The Microsoft Audience Network encompasses ad inventory on Microsoft-owned and operated sites such as MSN, Outlook.com, and Microsoft Edge browser as well as partner properties. Advertisers can target ads using data from the Microsoft audience graph, which includes LinkedIn professional data. The IAS integration is built in, automatically applied across the network, and advertisers aren’t charged outright for it.

How it works. It’s a pre-bid integration, meaning inventory is evaluated prior to the ad auction. In this case, IAS will scan, evaluate and rate pages across the Microsoft Audience Network for risk. Risk will be assigned across IAS’s standard set of content categories: Adult, Alcohol, Gambling, Hate Speech, Illegal Downloads, Illegal Drugs, Offensive Language and Controversial Content, and Violence. When page content is deemed moderate or high risk, it will be excluded from Microsoft Audience Network’s advertising inventory.

The integration is rolling out in the U.S. to start. IAS works with more than 4,000 publishers, advertisers and ad tech vendors, including Google, Facebook, Nielsen, Taboola and TradeDesk.

Why we care. With the growth of programmatic advertising, finding a balance between scale and brand safety has been a top concern for advertisers for several years — most notably, flaring up in 2017 when brand ads were found running alongside extremist videos on YouTube and most recently the Stop Hate For Profit boycott of Facebook Ads.

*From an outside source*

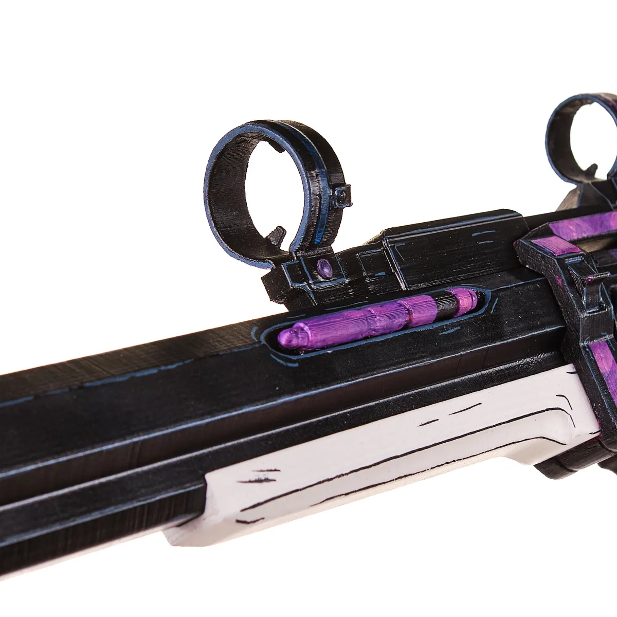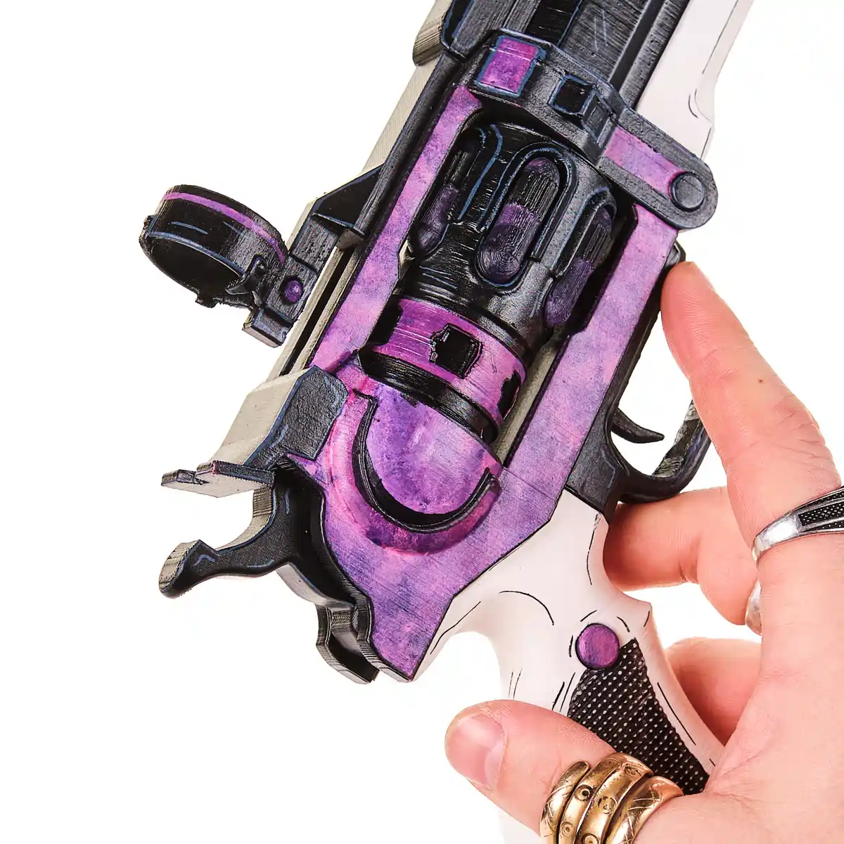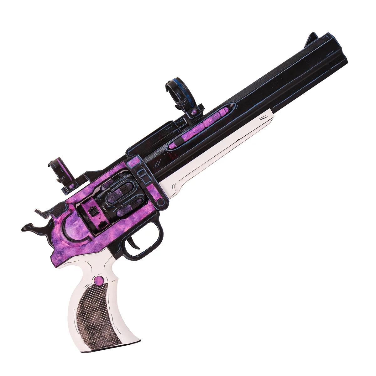 This prop replica features the iconic chunky revolver shape with a long barrel and thick frame. The bold purple and black finish gives it that rare, high-tier look from the game. The white grip with textured detail adds contrast and makes the design pop. Stylized lines and comic-style edging match the signature Borderlands art style perfectly.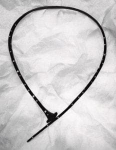 Equally wearable is a necklace forged of a single nail; direct and sensual, it wraps right around the head and lays lightly on the collarbone. Even a massive hollow nail brooch inlaid with forty-three diamonds miraculously curves along its vertical axis to accommodate the wearer's body. Nearly invisible mechanisms underscore a sympathetic physicality, for example, the way the springy metal snaps onto the clasp or pops out of its tubular closure. Seemingly controlled, the gestural line threatens to spring open and release its energy. Paradoxes of modern life are expressed in pairing iron, which only seems permanent and unyielding, with truly enduring gold and diamonds. These elements (Au, Fe, C) are gouged out of the same earth we walk and to which we return.

Microsoft has emphasized brand safety on the Audience Network from day one. But, this move to partner with a third-party audience verification firm to pre-emptively block Audience Network ads on pages that are deemed moderate or high risk sends a strong signal to advertisers that brand safety is being prioritized. The tradeoffs will likely be some impact on scale and potentially higher CPMs on those pages deemed low risk.

Related:


Opinions expressed in this article are those of the guest author and not necessarily Search Engine Land. Staff authors are listed here.


About the author

Ginny Marvin
Contributor
Ginny Marvin was Third Door Media’s former Editor-in-Chief (October 2018 to December 2020), running the day-to-day editorial operations across all publications and overseeing paid media coverage. Ginny Marvin wrote about paid digital advertising and analytics news and trends for Search Engine Land, MarTech and MarTech Today. With more than 15 years of marketing experience, Ginny has held both in-house and agency management positions. She can be found on Twitter as @ginnymarvin.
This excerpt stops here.